+++ Supplied material +++

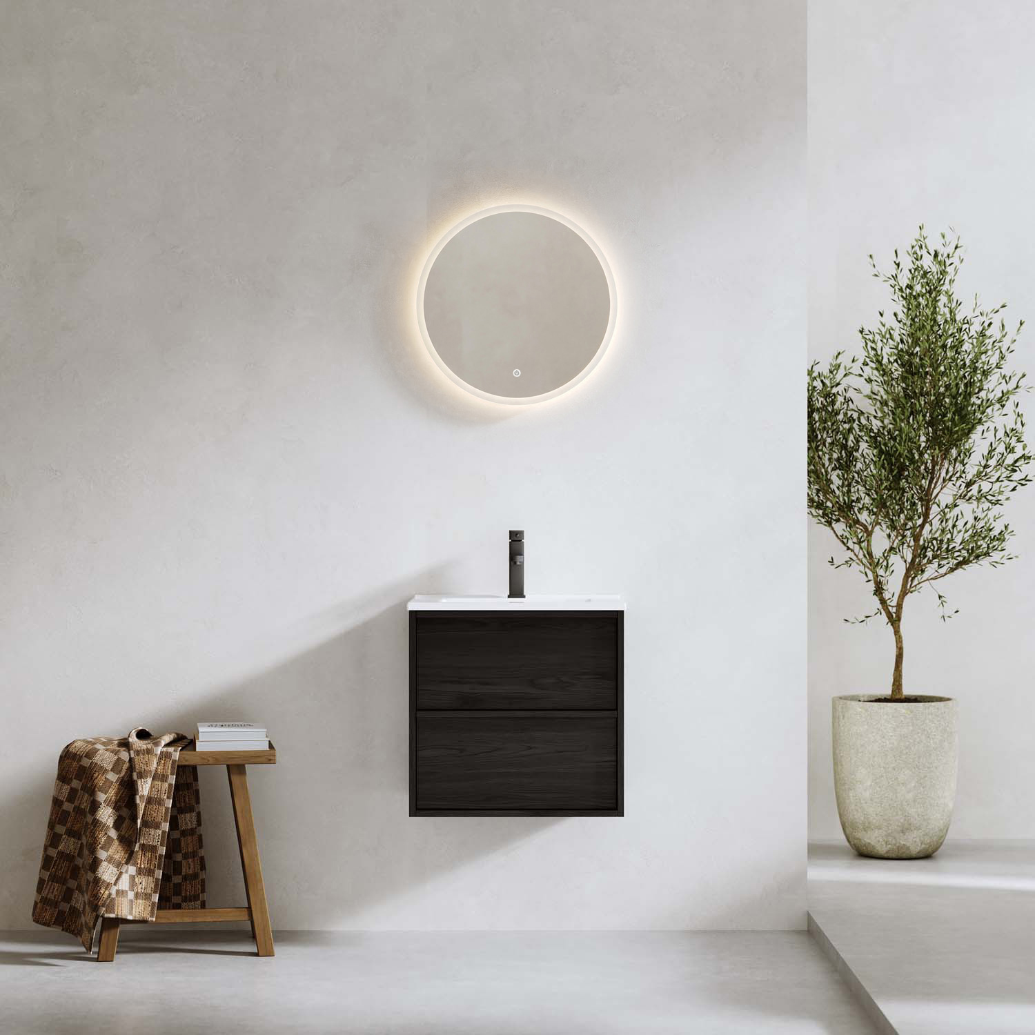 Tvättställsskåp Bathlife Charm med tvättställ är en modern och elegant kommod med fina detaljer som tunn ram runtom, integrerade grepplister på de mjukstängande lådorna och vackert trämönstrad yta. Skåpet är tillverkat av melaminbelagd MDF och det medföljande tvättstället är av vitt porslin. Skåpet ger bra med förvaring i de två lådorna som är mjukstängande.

+++
+++ Supplied material +++

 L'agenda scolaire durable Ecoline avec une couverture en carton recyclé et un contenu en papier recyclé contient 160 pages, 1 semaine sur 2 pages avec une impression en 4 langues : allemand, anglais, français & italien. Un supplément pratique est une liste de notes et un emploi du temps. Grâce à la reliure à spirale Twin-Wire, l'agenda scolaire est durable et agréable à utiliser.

+++
+++ Supplied material +++

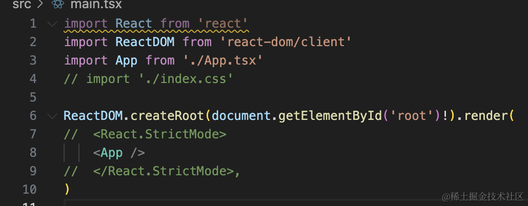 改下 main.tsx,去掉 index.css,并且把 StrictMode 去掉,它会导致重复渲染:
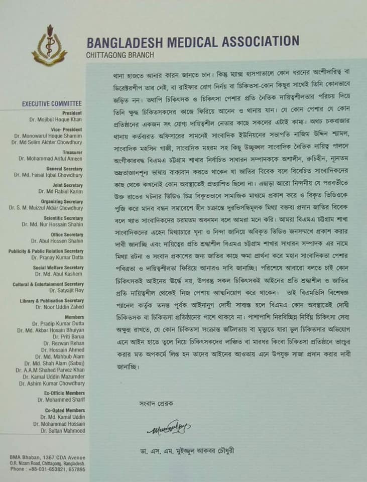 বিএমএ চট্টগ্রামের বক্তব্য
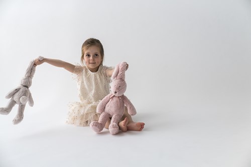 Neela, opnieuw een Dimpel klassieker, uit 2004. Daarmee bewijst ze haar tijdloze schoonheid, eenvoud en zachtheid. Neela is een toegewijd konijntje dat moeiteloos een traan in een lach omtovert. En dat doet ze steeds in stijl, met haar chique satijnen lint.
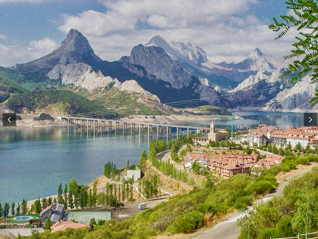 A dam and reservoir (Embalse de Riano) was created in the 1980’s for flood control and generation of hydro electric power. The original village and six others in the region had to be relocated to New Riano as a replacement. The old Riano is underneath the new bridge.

+++

Although the records above contain pictures, the copy must not; set down exactly the lines from the one with "改下 main.tsx,去掉 index.css,并且把" up to and including the one with "A dam and reservoir".

Exercise answer:
 改下 main.tsx,去掉 index.css,并且把 StrictMode 去掉,它会导致重复渲染:
 বিএমএ চট্টগ্রামের বক্তব্য
 Neela, opnieuw een Dimpel klassieker, uit 2004. Daarmee bewijst ze haar tijdloze schoonheid, eenvoud en zachtheid. Neela is een toegewijd konijntje dat moeiteloos een traan in een lach omtovert. En dat doet ze steeds in stijl, met haar chique satijnen lint.
 A dam and reservoir (Embalse de Riano) was created in the 1980’s for flood control and generation of hydro electric power. The original village and six others in the region had to be relocated to New Riano as a replacement. The old Riano is underneath the new bridge.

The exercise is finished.